** Opening Data block **

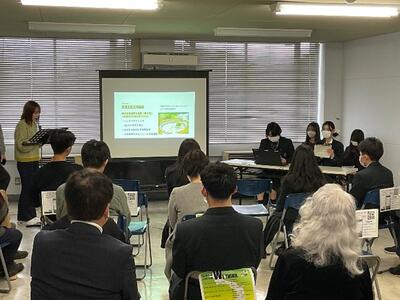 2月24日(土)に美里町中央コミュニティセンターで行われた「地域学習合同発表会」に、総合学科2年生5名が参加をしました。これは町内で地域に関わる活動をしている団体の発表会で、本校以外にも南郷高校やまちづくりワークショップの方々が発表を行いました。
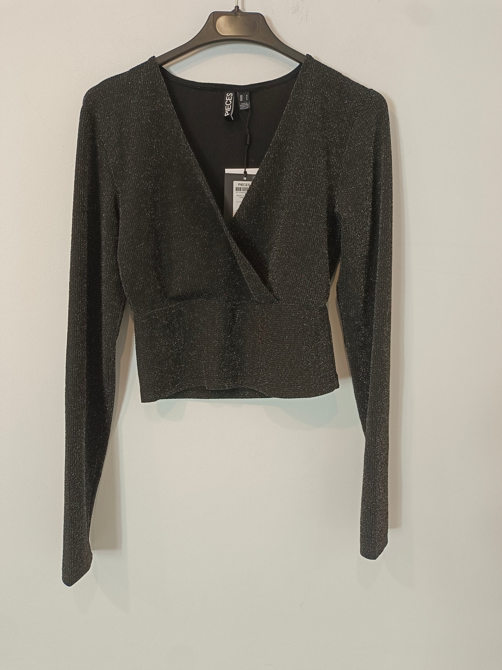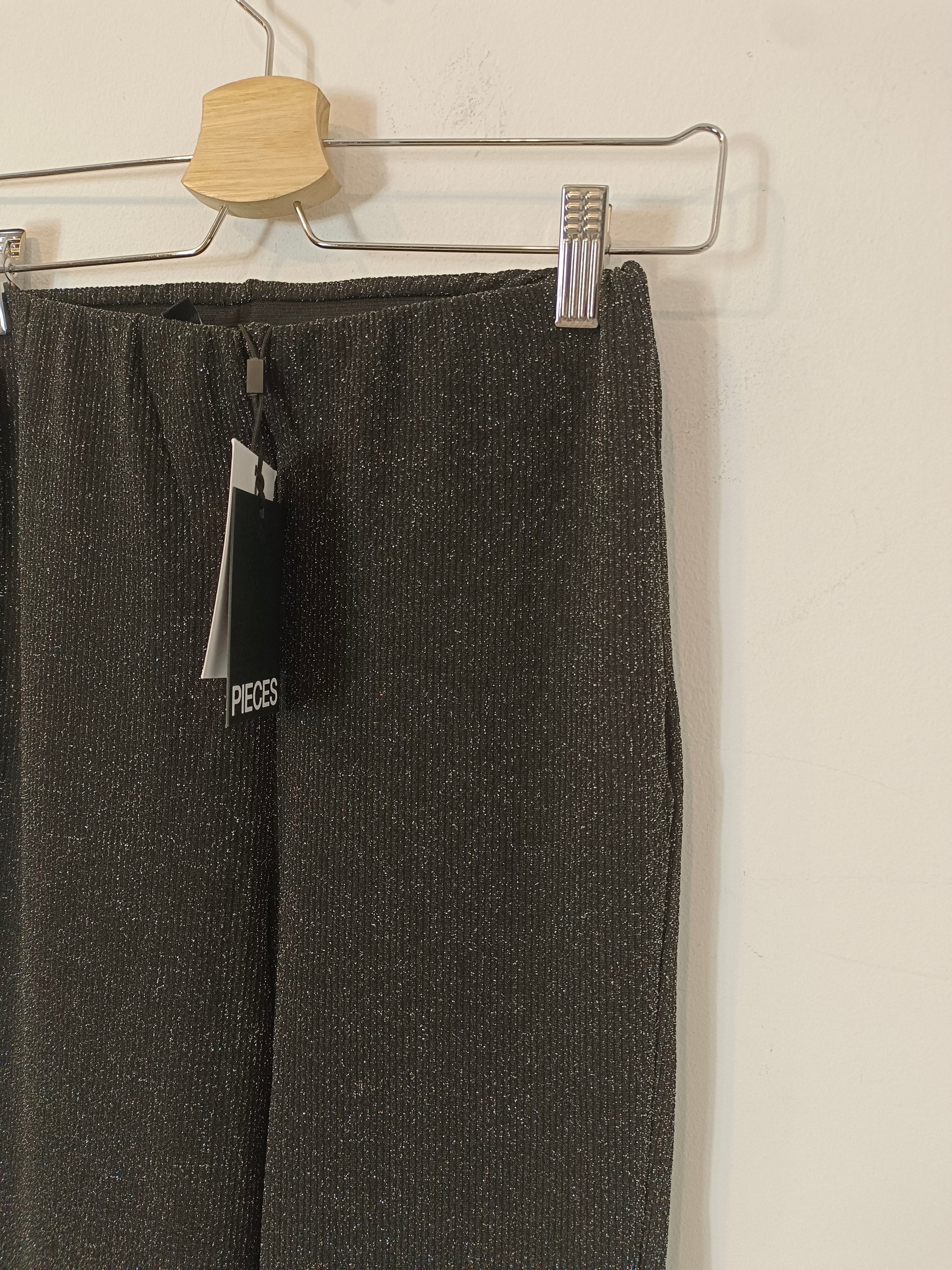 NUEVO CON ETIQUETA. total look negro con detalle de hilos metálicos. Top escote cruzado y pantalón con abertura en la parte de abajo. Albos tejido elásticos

** Closing Data block **
** Opening Data block **

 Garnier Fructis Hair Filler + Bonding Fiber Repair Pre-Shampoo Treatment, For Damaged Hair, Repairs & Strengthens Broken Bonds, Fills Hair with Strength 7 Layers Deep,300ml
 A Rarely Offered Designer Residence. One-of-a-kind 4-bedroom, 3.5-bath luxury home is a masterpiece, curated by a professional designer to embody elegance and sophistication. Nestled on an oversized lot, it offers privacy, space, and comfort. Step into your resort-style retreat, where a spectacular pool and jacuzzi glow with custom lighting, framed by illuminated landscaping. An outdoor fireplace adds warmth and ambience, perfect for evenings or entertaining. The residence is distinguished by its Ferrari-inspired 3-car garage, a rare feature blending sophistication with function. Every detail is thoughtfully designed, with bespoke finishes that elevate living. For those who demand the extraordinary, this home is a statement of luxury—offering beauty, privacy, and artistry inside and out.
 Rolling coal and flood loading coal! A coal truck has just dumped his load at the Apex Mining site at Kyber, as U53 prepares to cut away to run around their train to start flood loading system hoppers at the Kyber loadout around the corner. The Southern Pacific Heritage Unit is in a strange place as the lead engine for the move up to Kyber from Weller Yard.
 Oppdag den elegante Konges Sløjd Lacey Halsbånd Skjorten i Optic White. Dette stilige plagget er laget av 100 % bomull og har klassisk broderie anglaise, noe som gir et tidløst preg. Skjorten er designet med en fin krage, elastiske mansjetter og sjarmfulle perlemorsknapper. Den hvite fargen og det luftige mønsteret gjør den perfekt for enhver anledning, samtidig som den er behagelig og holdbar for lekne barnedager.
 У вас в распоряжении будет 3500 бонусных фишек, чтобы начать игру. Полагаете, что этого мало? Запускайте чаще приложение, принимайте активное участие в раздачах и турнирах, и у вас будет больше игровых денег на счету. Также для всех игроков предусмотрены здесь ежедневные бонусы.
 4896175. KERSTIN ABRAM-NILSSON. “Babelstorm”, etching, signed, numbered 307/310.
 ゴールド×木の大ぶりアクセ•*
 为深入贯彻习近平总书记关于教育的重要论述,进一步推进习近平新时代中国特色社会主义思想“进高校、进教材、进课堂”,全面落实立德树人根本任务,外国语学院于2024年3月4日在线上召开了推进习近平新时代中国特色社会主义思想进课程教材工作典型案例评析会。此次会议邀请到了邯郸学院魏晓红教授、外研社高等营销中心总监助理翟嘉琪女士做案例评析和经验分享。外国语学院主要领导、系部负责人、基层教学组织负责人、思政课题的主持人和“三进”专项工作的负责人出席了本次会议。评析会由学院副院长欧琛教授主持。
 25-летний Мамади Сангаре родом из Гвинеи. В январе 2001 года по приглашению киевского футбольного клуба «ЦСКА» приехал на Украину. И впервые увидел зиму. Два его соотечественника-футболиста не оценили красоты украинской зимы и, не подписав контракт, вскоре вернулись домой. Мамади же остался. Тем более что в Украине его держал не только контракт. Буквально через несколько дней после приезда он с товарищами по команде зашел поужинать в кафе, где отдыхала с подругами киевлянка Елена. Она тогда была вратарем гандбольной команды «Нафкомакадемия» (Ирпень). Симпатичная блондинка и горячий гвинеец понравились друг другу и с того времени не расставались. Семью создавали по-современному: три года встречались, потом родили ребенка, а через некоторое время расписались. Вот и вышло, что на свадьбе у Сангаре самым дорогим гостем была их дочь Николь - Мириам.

** Closing Data block **
** Opening Data block **

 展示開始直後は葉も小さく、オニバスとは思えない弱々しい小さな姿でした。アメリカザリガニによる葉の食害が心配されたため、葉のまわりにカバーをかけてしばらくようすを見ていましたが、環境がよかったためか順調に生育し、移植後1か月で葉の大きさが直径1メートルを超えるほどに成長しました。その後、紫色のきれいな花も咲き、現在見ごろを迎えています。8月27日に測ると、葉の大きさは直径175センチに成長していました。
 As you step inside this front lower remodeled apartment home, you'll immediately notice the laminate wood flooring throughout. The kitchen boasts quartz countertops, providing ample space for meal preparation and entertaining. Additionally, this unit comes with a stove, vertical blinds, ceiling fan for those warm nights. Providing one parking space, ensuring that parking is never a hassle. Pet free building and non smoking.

** Closing Data block **

Retype the lines above exactly as they appear, from the line containing "2月24日(土)に美里町中央" through the line containing "NUEVO CON ETIQUETA.", and leave out any pictures.

 2月24日(土)に美里町中央コミュニティセンターで行われた「地域学習合同発表会」に、総合学科2年生5名が参加をしました。これは町内で地域に関わる活動をしている団体の発表会で、本校以外にも南郷高校やまちづくりワークショップの方々が発表を行いました。
 NUEVO CON ETIQUETA. total look negro con detalle de hilos metálicos. Top escote cruzado y pantalón con abertura en la parte de abajo. Albos tejido elásticos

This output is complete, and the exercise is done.